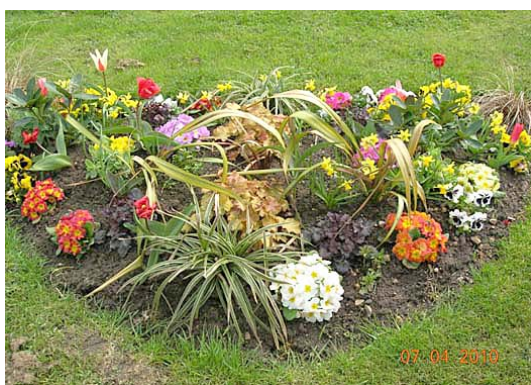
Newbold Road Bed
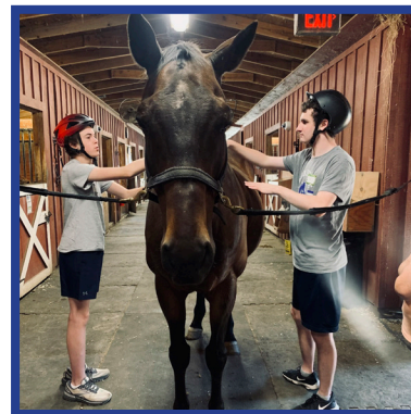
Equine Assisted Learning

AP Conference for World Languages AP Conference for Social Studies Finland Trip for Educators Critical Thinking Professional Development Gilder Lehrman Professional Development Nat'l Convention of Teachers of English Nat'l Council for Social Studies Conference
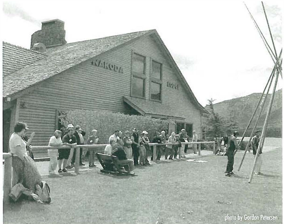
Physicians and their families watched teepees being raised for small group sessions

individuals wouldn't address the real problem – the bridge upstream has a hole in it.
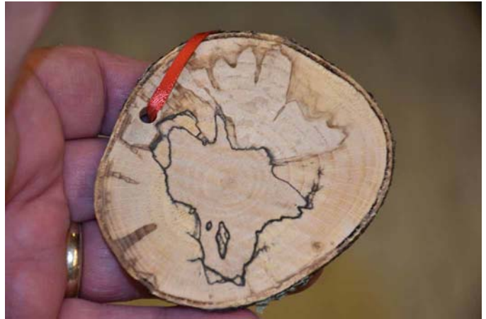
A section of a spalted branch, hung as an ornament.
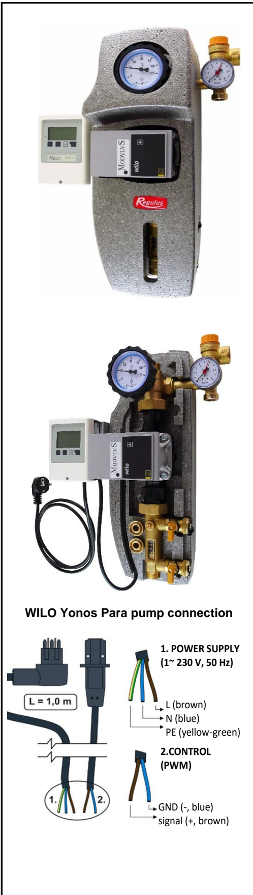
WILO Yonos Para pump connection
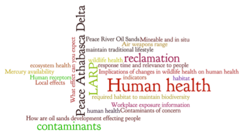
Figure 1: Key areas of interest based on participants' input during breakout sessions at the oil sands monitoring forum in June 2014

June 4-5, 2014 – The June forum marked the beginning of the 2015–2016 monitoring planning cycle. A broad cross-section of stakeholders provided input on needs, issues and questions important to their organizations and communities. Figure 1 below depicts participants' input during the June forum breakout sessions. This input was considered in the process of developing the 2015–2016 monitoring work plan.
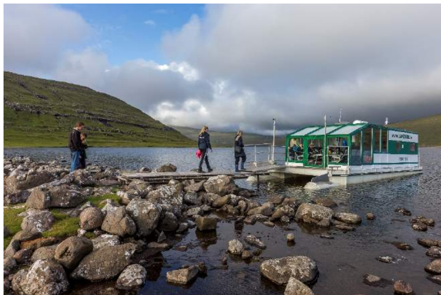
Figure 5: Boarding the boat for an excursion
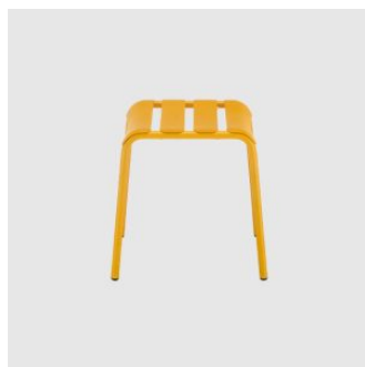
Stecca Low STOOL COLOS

━━━

> [Exercise goal] Produce the full material again verbatim, with the pictures dropped.

> [Written answer]
Newbold Road Bed
Equine Assisted Learning

AP Conference for World Languages AP Conference for Social Studies Finland Trip for Educators Critical Thinking Professional Development Gilder Lehrman Professional Development Nat'l Convention of Teachers of English Nat'l Council for Social Studies Conference
Physicians and their families watched teepees being raised for small group sessions

individuals wouldn't address the real problem – the bridge upstream has a hole in it.
A section of a spalted branch, hung as an ornament.
WILO Yonos Para pump connection
Figure 1: Key areas of interest based on participants' input during breakout sessions at the oil sands monitoring forum in June 2014

June 4-5, 2014 – The June forum marked the beginning of the 2015–2016 monitoring planning cycle. A broad cross-section of stakeholders provided input on needs, issues and questions important to their organizations and communities. Figure 1 below depicts participants' input during the June forum breakout sessions. This input was considered in the process of developing the 2015–2016 monitoring work plan.
Figure 5: Boarding the boat for an excursion
Stecca Low STOOL COLOS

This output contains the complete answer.